The Top 5 Most Common Security Issues I Discover When Reviewing Code

The Top 5 Most Common Security Issues I Discover When Reviewing Code


About the author

Will Barrett is a Software Engineer, Technical Lead, and Engineering Manager from the San Francisco Bay Area with over 14 years of experience. He’s a Superset PMC Member of The Apache Software Foundation. He’s held staff software engineer and senior engineer roles at Change.org, Entelo, Sqwiggle and Preset.

Will is the author of On Learning to Program, a blog for new Software Engineers entering the industry. Will is also a certified reviewer on PullRequest where he’s caught hundreds of bugs, security issues, and other critical issues for over 40 teams.

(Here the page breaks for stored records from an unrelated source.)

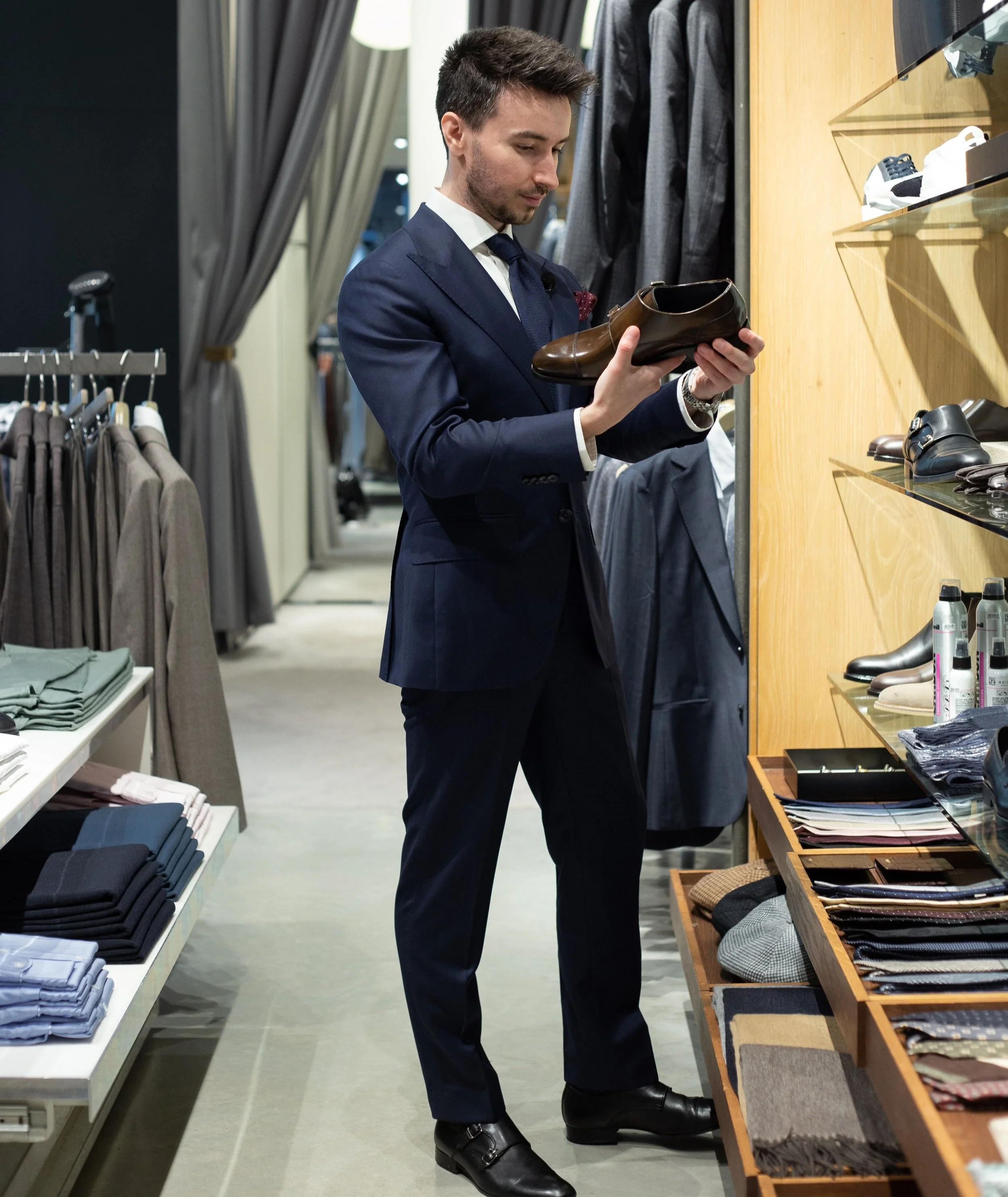 Made-to-measure involves choosing a set of pre-made fabrics (up to 200 usually). You have up to 20 measurements taken in one fitting and various design choices on the details. That information is sent to a factory off-site (sometimes abroad) to have the suit made to your measurements and styling and then you receive your final product. The final suit is often one that is available ready-to-wear from the brand, but this one is made to your measurements and style choices.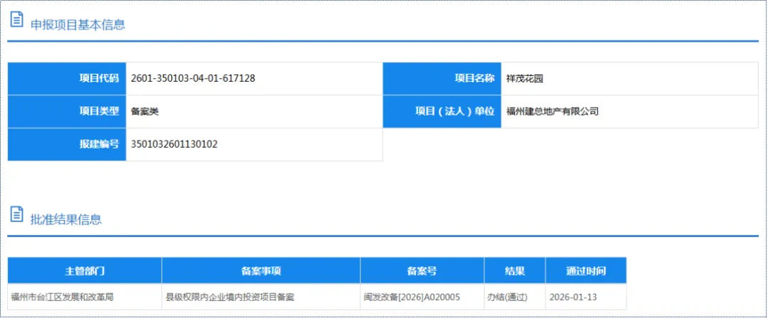 1月13日,来自福建省投资项目在线审批监管平台消息,由福州建总地产有限公司开发的祥茂花园项目备案已获通过,主管部门为福州市台江区发展和改革局。
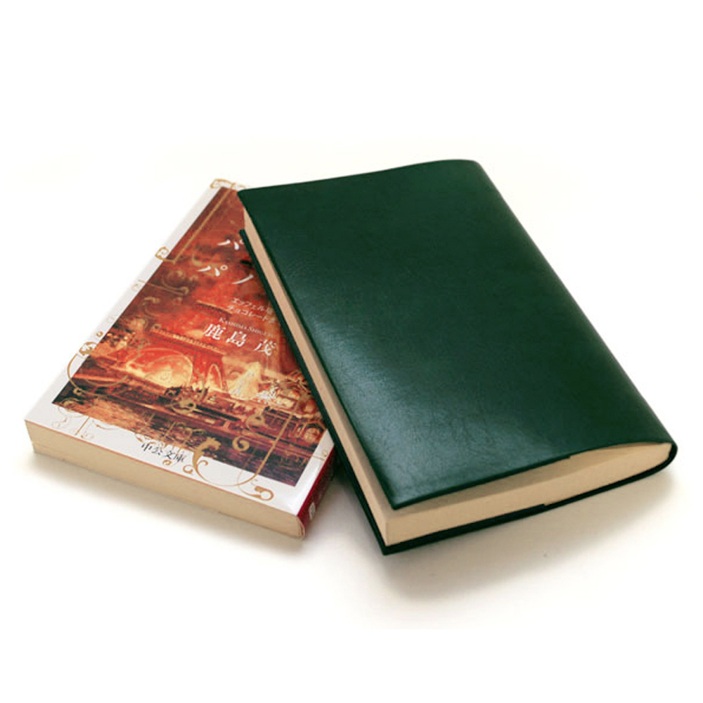 - 送料込み★お手入れいらずのリサイクルレザーで作ったブックカバー★文庫版 350ページ程度対応★クロムグリーン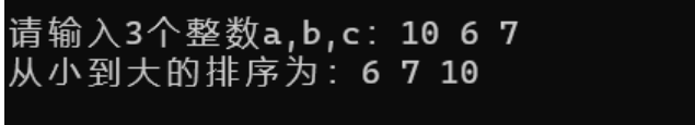 printf("从小到大的排序为:%d %d %d\n",a,b,c);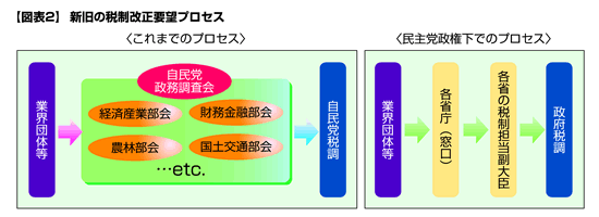 自民党政権下では、「業界団体→自民党政務調査会の各部会→自民党税調」という流れで業界団体の要望が税制改正へとつながってきたが、民主党政権下ではこのプロセスは改められ、今後、業界団体の要望は各省の税制改正担当の副大臣を通じ、(副大臣による取捨選択を経たうえで)政府税制調査会に対し伝えられることになる(図表2参照)。
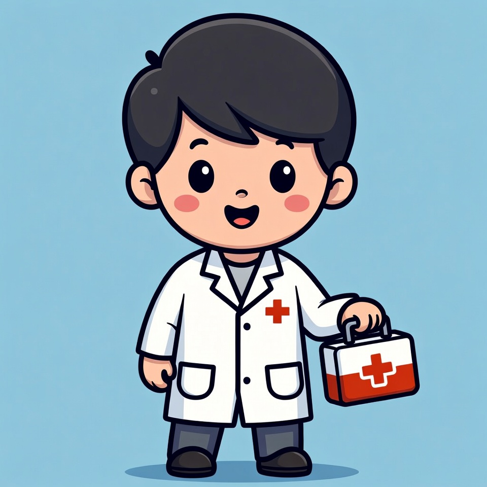 A cute cartoon boy with black hair wears a white lab coat with a red cross and holds a red first aid kit. He stands smiling on a plain blue background. His large expressive eyes and cheerful expression add to the illustration's charm.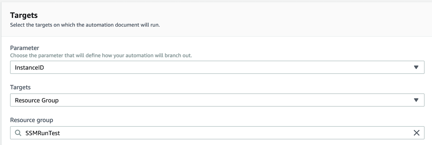 On the section, we’ll define what we look for to branch out on our run command. We’ll select the instance ID option. As for the Targets, we’ll select resource group (but feel free to use tags or even a comma-separated list of instance IDs) and then select the resource group we’re going to be running against: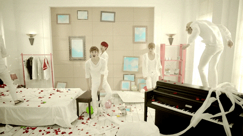 "G.R.8.U" is another song about admiration. Something I find really interesting about this song is that the music video is played in reverse. It starts off with the house a mess, but the further you go into the music, it's as if they are cleaning up the mess they made instead of being in the process of making it. The beginning of the video shows their previous music video, "Hyde," on the TV-screen. Just from the preview you can tell that it was a dark concept however, "G.R.8.U" is a much softer and happier song and music video. This is one of the videos that should have the "don't try it at home" warning. I hope you enjoy the video and that it adds joy to your life, but please don't destroy your home. The mess won't be as easy to clean up as it looks in the music video!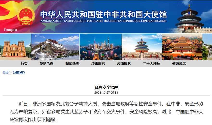 香港新聞網10月27日電 據中國駐中非共和國大使館網站消息,近日,非洲多國頻發武裝分子劫持人質、襲擊當地政府等惡性安全事件。在中非,安全形勢尤為嚴峻複雜,外省多地發生武裝分子和政府軍交火事件,安全風險極高。對此,中國駐中非大使館再次作出以下提醒: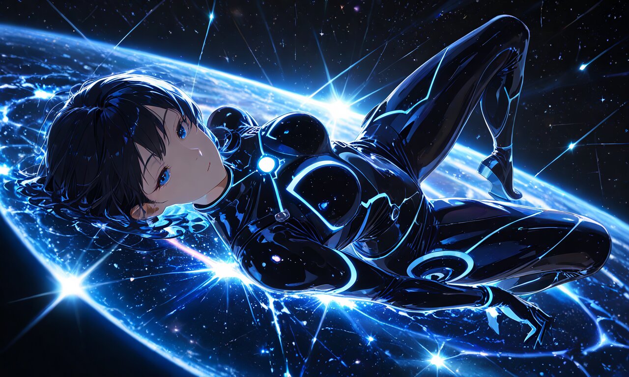 1 lady, (bodysuit), ((floating, universe)), sleeping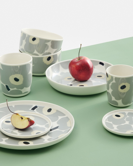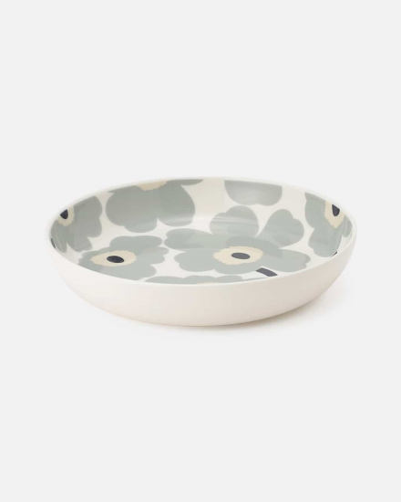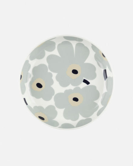 Marimekkoを代表するUnikko柄をプリントしたプレート。汎用性の高い少し深さのある使いやすいフォルムが特徴。大きく配した華やかなフラワープリントが魅力。モダンなムードの明るいグレーもスタイリッシュなデザインポイント。テーブルコーディネートがぱっと明るくなるアイテムです。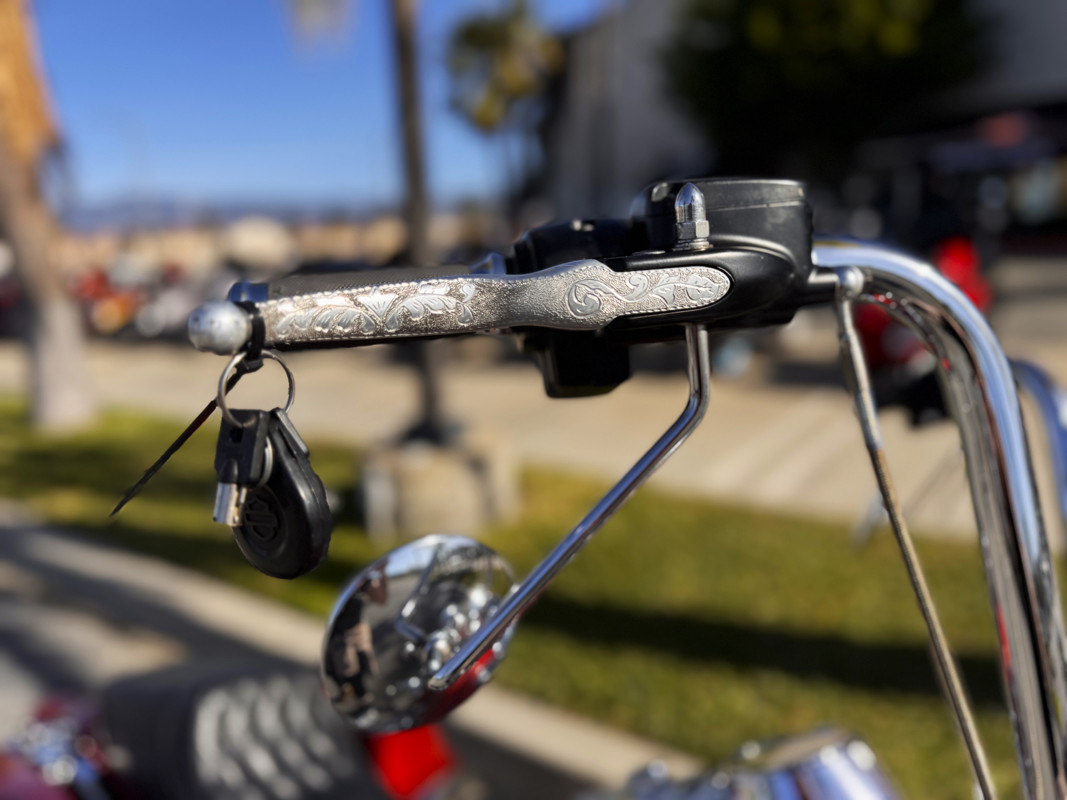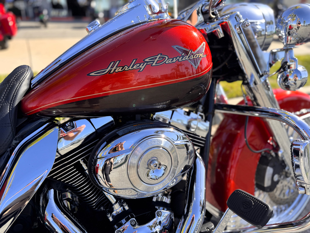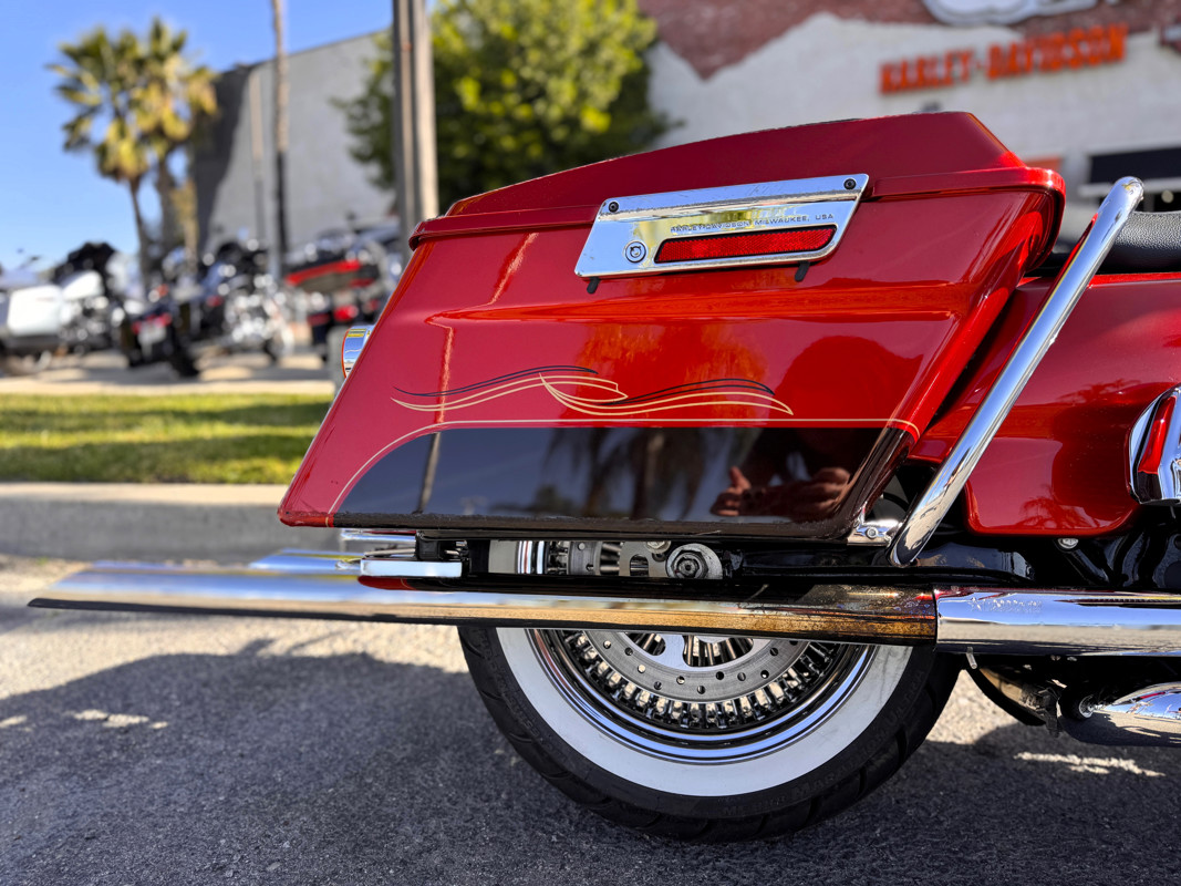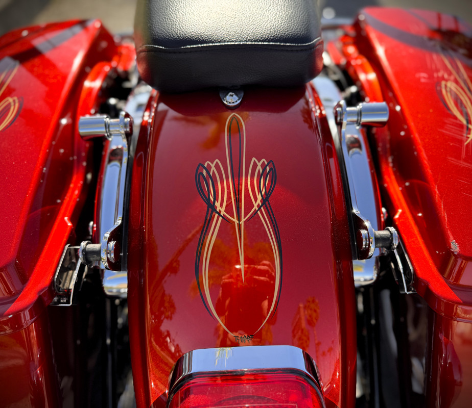 Twin Cam 103™, long custom exhaust, custom floorboards & levers, lowered mirrors, spoke front wheel, passenger docking hardware.

images/security-vulnerabilities-issues-caught-in-pull-request-code-review.jpg

The most important part of my job as a code reviewer is helping other developers keep their systems secure. It’s something I don’t take lightly, and there are many ways that an application can fail to pass muster from a security standpoint. Here are the things I find most often - hopefully there will be a few items here that stick out to you the next time you see them in a PR.

NOTE: The following code examples have been contrived to provide detailed, illustrative representations of real security issues I’ve found while reviewing code. They have not been pulled from actual codebases or commits. They are written in Python and Ruby, but the concepts apply broadly.

1. Sensitive Information in Log Files

Personally Identifiable Information (PII) is governed by a few different laws - GDPR in Europe and CCPA in California being the two most relevant examples at time of publication, though more legislation will arrive on this topic over the next few years. These laws govern the ways that companies can store and use personally identifying information, such as names, physical addresses, email addresses, ID numbers and the like. Generally this legislation requires that such information is stored securely. Logging is one of the biggest violators of this requirement. Take the following example:

logger.info("The send operation failed when attempting to deliver to %s" % user.email)

This is ostensibly reasonable and safe, but it’s actually leaking email addresses for users into log files. What makes logging this information a security issue? Logging systems tend to not have the same protections as a database. Attackers know this and can exploit it. The email address in the above code should be replaced by an obfuscated or encrypted User ID number.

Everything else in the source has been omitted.